Begin your copy at the line with "MIJIA Smart Clothes" in the records below and end it at the line with "อัลบาโร โมราตา กัปตันทีม", restating each line word for word; omit the pictures.

● **Given data**
○ ○ ○ ○ ○

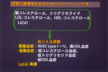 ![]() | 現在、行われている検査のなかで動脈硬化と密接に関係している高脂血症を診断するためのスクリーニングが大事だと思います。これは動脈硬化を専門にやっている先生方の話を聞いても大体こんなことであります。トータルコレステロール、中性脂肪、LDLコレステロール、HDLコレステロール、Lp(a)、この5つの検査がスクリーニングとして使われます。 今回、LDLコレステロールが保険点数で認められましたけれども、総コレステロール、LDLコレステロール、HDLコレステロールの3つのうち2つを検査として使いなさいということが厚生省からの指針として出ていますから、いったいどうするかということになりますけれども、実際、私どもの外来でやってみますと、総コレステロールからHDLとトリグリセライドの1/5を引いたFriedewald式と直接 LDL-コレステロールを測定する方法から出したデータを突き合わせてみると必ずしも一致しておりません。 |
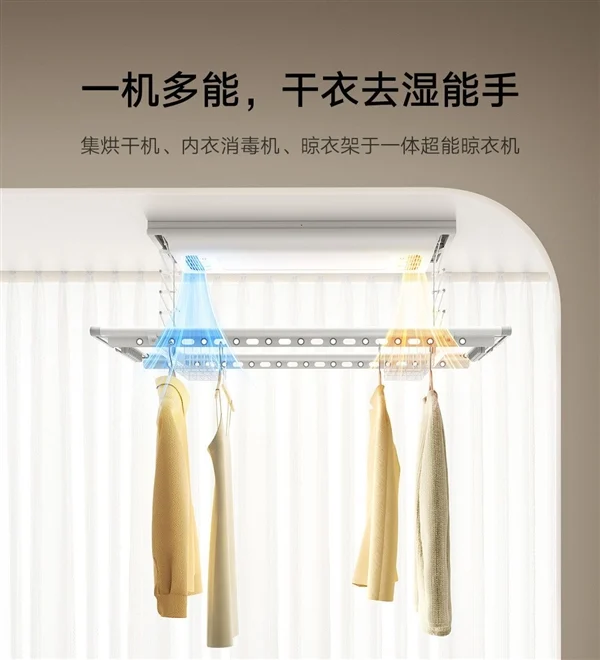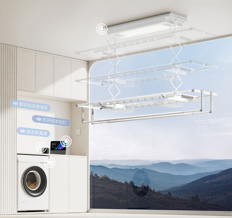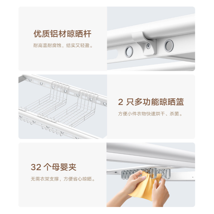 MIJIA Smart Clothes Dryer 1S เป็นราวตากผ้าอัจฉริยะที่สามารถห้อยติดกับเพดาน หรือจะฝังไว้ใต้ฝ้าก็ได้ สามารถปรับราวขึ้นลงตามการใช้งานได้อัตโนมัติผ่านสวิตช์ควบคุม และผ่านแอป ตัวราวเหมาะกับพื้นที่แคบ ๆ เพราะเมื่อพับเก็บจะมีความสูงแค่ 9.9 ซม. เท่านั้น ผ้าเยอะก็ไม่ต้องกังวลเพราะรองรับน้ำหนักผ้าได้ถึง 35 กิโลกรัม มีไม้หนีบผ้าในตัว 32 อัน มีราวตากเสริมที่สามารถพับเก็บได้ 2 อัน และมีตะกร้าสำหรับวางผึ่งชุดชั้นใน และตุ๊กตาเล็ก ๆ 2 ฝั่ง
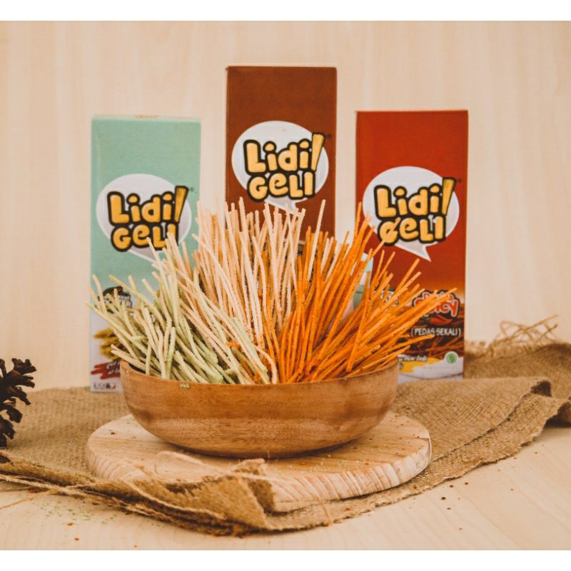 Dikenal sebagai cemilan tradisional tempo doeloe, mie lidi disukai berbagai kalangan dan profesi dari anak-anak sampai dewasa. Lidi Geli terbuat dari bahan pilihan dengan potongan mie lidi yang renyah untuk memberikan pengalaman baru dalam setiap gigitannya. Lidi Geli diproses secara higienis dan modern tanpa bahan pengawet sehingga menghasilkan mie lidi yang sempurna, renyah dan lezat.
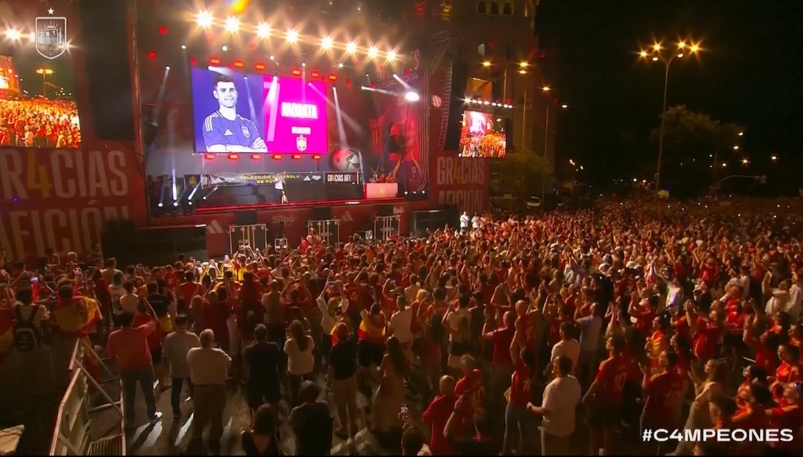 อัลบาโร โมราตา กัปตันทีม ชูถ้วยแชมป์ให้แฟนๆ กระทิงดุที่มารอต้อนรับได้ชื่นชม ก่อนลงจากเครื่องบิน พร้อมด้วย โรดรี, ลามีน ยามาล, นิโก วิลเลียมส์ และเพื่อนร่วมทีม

○ ○ ○ ○ ○

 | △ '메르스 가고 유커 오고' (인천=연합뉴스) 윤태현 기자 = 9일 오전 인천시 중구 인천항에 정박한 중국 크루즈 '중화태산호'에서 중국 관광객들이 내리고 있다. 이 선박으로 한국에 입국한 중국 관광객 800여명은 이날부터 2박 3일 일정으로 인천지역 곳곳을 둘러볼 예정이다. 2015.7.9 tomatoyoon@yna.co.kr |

○ ○ ○ ○ ○

● **Task response**
 MIJIA Smart Clothes Dryer 1S เป็นราวตากผ้าอัจฉริยะที่สามารถห้อยติดกับเพดาน หรือจะฝังไว้ใต้ฝ้าก็ได้ สามารถปรับราวขึ้นลงตามการใช้งานได้อัตโนมัติผ่านสวิตช์ควบคุม และผ่านแอป ตัวราวเหมาะกับพื้นที่แคบ ๆ เพราะเมื่อพับเก็บจะมีความสูงแค่ 9.9 ซม. เท่านั้น ผ้าเยอะก็ไม่ต้องกังวลเพราะรองรับน้ำหนักผ้าได้ถึง 35 กิโลกรัม มีไม้หนีบผ้าในตัว 32 อัน มีราวตากเสริมที่สามารถพับเก็บได้ 2 อัน และมีตะกร้าสำหรับวางผึ่งชุดชั้นใน และตุ๊กตาเล็ก ๆ 2 ฝั่ง
 Dikenal sebagai cemilan tradisional tempo doeloe, mie lidi disukai berbagai kalangan dan profesi dari anak-anak sampai dewasa. Lidi Geli terbuat dari bahan pilihan dengan potongan mie lidi yang renyah untuk memberikan pengalaman baru dalam setiap gigitannya. Lidi Geli diproses secara higienis dan modern tanpa bahan pengawet sehingga menghasilkan mie lidi yang sempurna, renyah dan lezat.
 อัลบาโร โมราตา กัปตันทีม ชูถ้วยแชมป์ให้แฟนๆ กระทิงดุที่มารอต้อนรับได้ชื่นชม ก่อนลงจากเครื่องบิน พร้อมด้วย โรดรี, ลามีน ยามาล, นิโก วิลเลียมส์ และเพื่อนร่วมทีม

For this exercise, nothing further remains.